→ **Listed records**
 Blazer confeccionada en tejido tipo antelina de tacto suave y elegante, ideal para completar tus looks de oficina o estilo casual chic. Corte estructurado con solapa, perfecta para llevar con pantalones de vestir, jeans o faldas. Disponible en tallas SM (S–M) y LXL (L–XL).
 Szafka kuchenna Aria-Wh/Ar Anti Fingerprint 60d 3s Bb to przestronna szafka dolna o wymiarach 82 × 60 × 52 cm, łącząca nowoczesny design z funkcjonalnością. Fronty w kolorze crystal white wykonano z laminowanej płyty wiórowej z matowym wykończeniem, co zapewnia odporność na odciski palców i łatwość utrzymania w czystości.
==
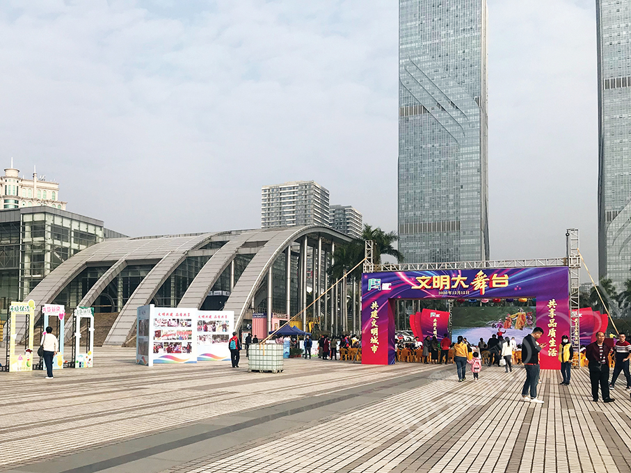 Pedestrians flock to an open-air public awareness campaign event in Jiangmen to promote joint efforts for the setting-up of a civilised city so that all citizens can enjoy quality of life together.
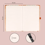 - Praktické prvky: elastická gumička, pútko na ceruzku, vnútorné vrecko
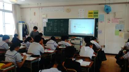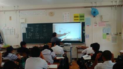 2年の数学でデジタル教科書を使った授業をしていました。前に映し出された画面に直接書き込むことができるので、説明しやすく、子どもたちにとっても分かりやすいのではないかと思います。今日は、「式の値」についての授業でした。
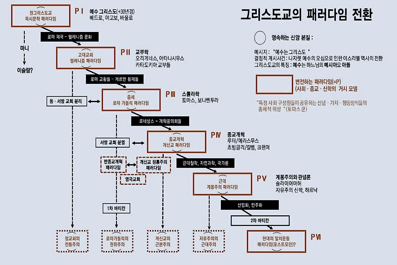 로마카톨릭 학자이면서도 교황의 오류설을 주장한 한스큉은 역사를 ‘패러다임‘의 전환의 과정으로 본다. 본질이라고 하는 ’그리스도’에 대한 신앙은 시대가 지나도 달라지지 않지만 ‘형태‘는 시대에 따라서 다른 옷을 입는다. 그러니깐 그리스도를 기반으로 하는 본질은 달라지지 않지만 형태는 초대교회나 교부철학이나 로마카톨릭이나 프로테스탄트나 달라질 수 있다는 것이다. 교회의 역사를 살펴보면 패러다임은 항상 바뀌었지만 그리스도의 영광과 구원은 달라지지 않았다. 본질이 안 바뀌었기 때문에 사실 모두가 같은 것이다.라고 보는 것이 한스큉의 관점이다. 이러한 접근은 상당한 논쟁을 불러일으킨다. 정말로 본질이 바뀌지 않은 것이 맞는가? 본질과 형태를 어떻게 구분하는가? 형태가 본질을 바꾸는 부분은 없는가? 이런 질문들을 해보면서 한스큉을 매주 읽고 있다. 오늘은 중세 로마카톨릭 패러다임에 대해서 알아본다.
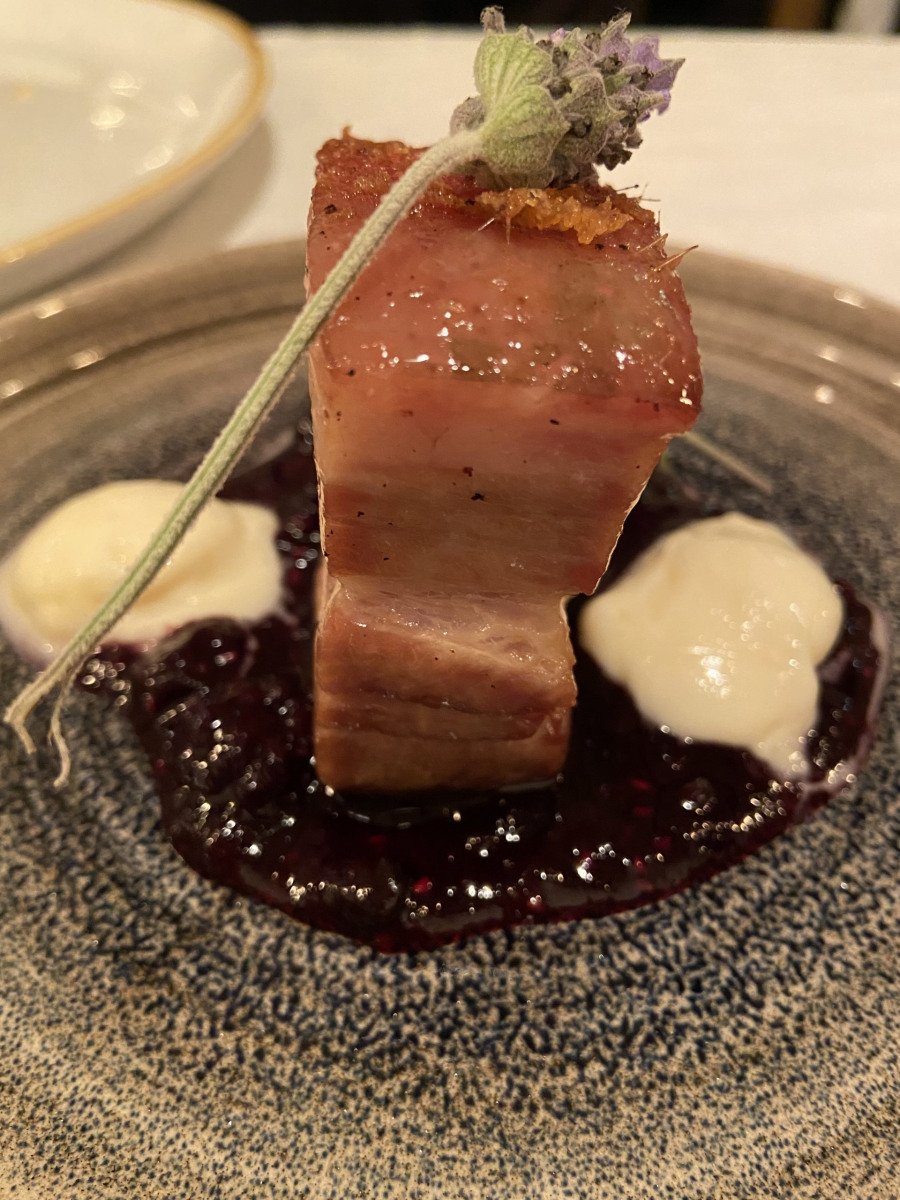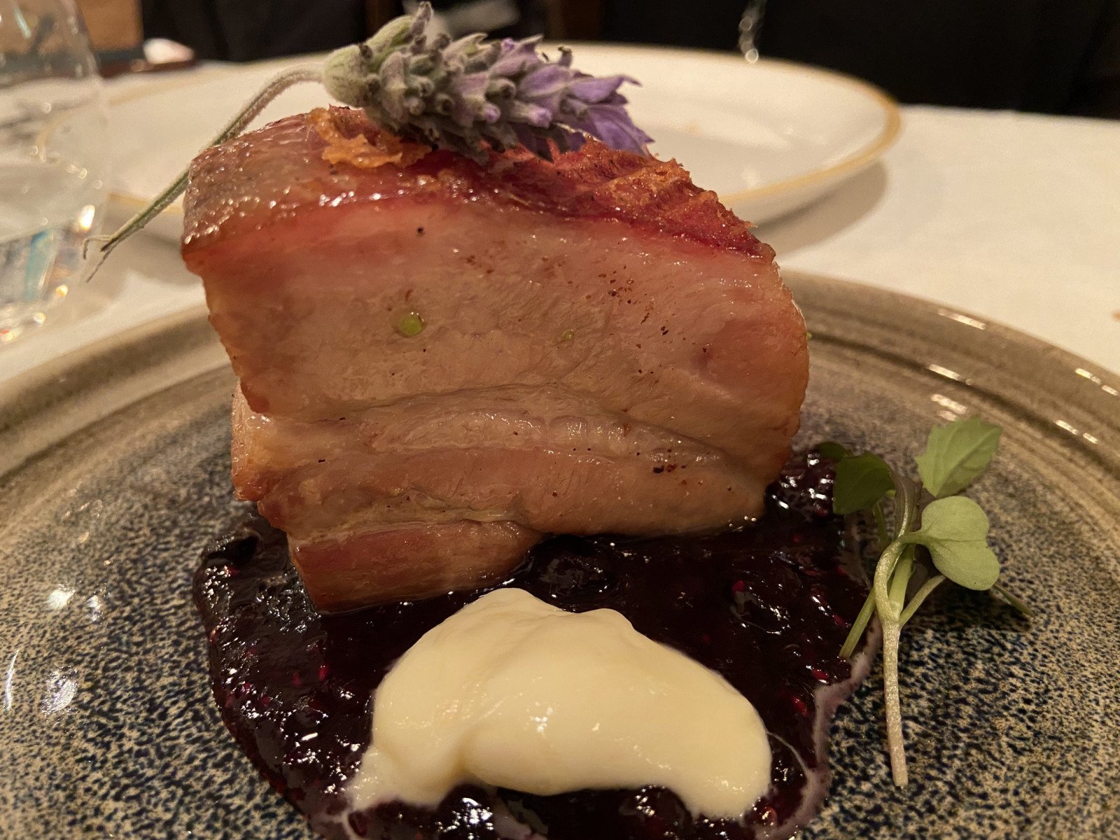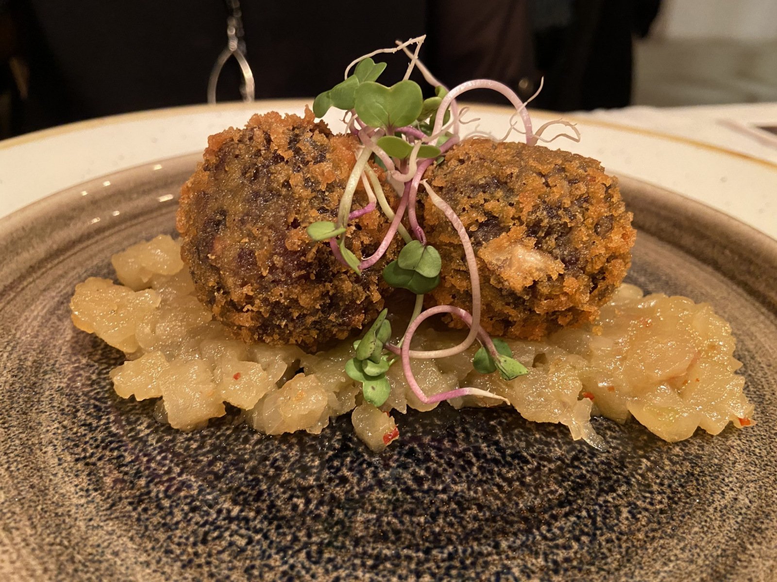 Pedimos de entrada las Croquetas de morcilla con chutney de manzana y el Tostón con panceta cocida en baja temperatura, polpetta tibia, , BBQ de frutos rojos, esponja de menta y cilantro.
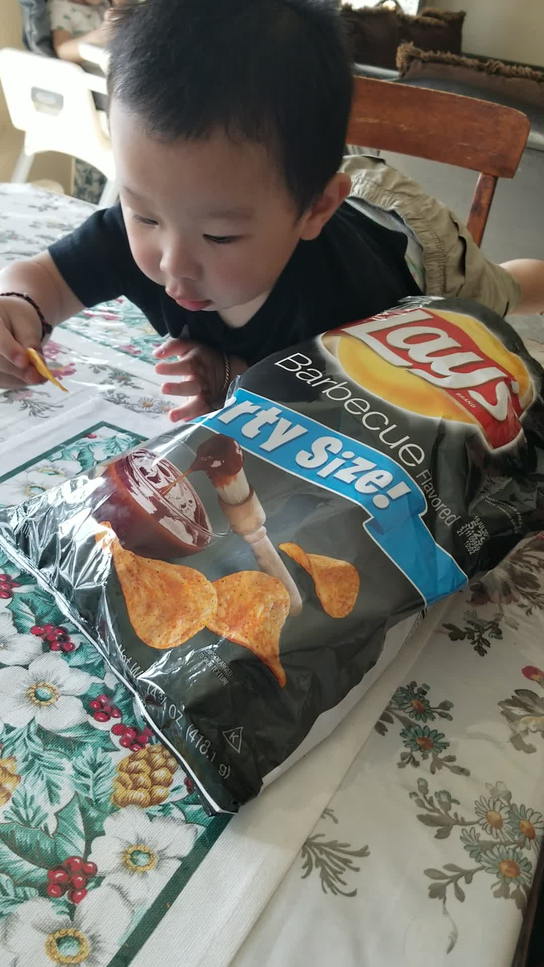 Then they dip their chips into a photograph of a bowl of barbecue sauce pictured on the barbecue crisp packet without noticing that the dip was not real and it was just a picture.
* * *
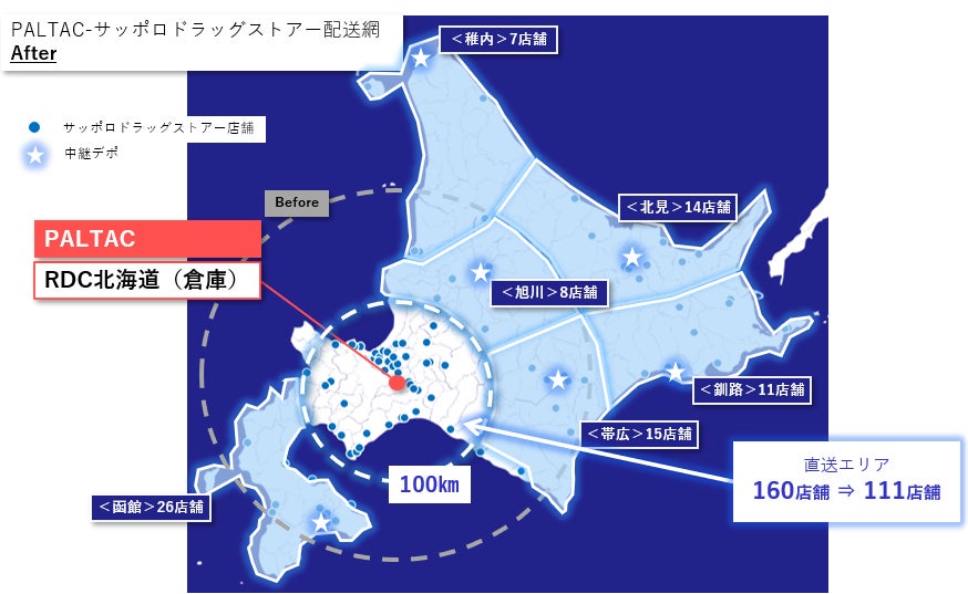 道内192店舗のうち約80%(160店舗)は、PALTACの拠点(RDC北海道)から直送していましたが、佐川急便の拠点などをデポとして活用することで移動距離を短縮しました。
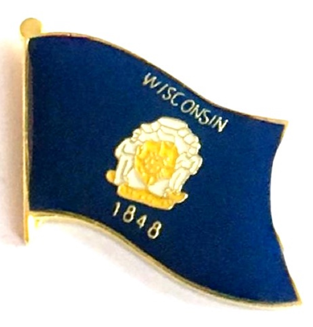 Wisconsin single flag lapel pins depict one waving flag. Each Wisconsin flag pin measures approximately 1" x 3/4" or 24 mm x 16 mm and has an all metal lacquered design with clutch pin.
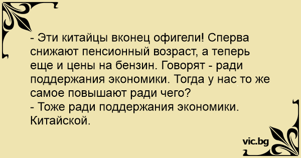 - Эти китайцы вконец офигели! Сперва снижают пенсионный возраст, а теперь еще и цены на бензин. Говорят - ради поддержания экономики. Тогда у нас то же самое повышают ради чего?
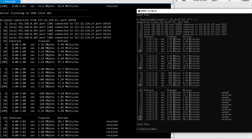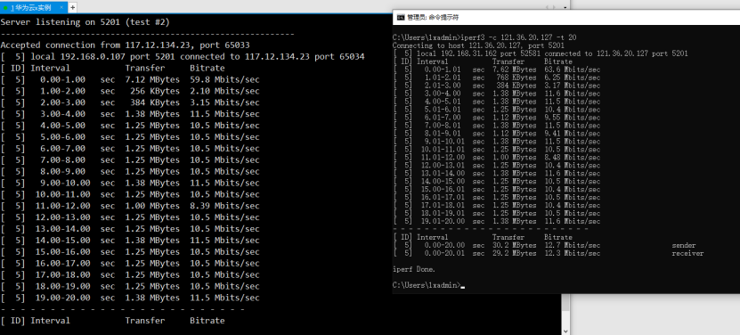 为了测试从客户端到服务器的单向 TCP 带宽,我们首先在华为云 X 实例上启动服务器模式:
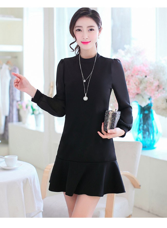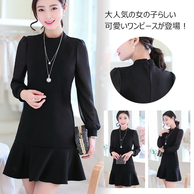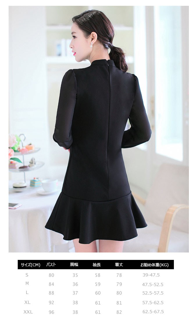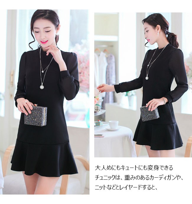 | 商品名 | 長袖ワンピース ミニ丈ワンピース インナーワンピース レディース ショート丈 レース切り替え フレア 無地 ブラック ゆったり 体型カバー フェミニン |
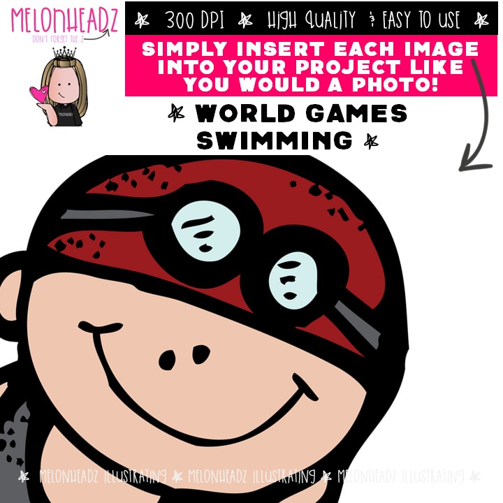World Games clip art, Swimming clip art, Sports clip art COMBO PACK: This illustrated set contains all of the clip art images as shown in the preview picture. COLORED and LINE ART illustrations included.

→ **Exercise description**
Nothing but the lines above from the line with "- Эти китайцы" up to and including the line with "体型カバー フェミニン |" should be returned, exactly as written and without pictures.

→ **Solution to the exercise**
 - Эти китайцы вконец офигели! Сперва снижают пенсионный возраст, а теперь еще и цены на бензин. Говорят - ради поддержания экономики. Тогда у нас то же самое повышают ради чего?
 为了测试从客户端到服务器的单向 TCP 带宽,我们首先在华为云 X 实例上启动服务器模式:
 | 商品名 | 長袖ワンピース ミニ丈ワンピース インナーワンピース レディース ショート丈 レース切り替え フレア 無地 ブラック ゆったり 体型カバー フェミニン |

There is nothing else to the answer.